Seba.Health

Thread · Seba Knowledge Graph

Hillman Revises Jung on the Anima

Hillman Revises Jung on the Anima

Hillman’s Anima: An Anatomy of a Personified Notion (1985) stands as the most thorough revision of the anima concept from within the Jungian tradition. The revision has three interlocking moves.

First, Hillman dissolves the contrasexual reading. “It has become difficult to speak of the anima as inferior femininity since we are no longer certain just what we mean with ‘femininity,’ let alone ‘inferior’ femininity… A man’s ego may perform all [kinds of] ‘feminine’ styles in behavior without this indicating either ego-weakness or incipient ego-loss.” The anima is not the man’s opposite-sex complement; she is a psychic function that happens to personify feminine.

Second, Hillman elevates her from complex-among-complexes to archetype of psyche itself.

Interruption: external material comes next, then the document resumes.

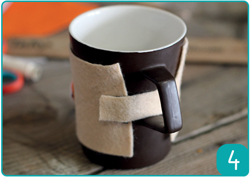 Etape 3 : Mesurer la tasse et couper un morceau de feutrine rectangulaire qui recouvrira presque entièrement la tasse, en laissant découvert un centimètre en haut et en bas. Coudre le renard sur la bande. Couper une bande de feutrine pour relier les deux extrémités du couvre-tasse. Coudre la bande sur un côté et coller un morceau de velcro au bout de la bande. Coller l’autre morceau de velcro sur l’autre côté du couvre-tasse, pour pouvoir le mettre et le retirer à tout moment.

Jung’s own late formulations point this way — “the anima is the archetype of life itself” (CW 9i, §66); she “personifies the collective unconscious” (CW 10, §714) — and Hillman reads these as warrant: personifying is her work, and personifying is the soul’s native mode. “Our sense of personality, attachment to persons, beliefs in personal immortality, and our cult of personal relationships and development — all rest upon personifying, which in turn is an effect of the anima archetype.”

Third, Hillman redefines loss and integration. “Loss of anima means both the loss of internal animation and external animism.” Integration is not assimilation but restoration of the image in our sight. The Lineage records this as a productive contradiction rather than a resolved one: Jung’s anima remains contrasexual in Aion; Hillman’s anima is esse in anima as such. Both hold.